The former owner of Littlemill Distillery, Duncan Barton, developed the current site for the Loch Lomond Distillery. He brought innovative pot malt stills which rest in the cylindrical necks of the spirit stills. Traditionally the necks of malt stills are open. The Loch Lomond stills include special distillation trays in the necks, allowing for greater contact with the cooling alcohol vapour, said to make the process more efficient. These stills can produce alcohol up to 90% ABV where normal stills deliver the alcohol at around 70% ABV. This style of still allows for different "flavour notes" to be captured and emphasised through the range of alcohol strengths that can be captured and rejected.
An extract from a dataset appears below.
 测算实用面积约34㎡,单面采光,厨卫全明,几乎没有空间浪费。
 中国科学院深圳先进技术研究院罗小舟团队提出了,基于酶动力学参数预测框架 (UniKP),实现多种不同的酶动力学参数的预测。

This is much more difficult to achieve through a conventional pot still.

== Sponsorship ==
Loch Lomond Whiskies are currently the official spirit of The Open. They have a five-year partnership with the Open, golf's original Championship. As part of the partnership with The Open, Loch Lomond Whiskies have released a variety of golf limited editions.

In 2020, the announced a 3 year global partnership & sponsorship agreement with the Pro14. They are now the Official Spirit of PRO14 Rugby and as part of the partnership Loch Lomond Whiskies will showcase its whiskies at match venues and digitally throughout the season.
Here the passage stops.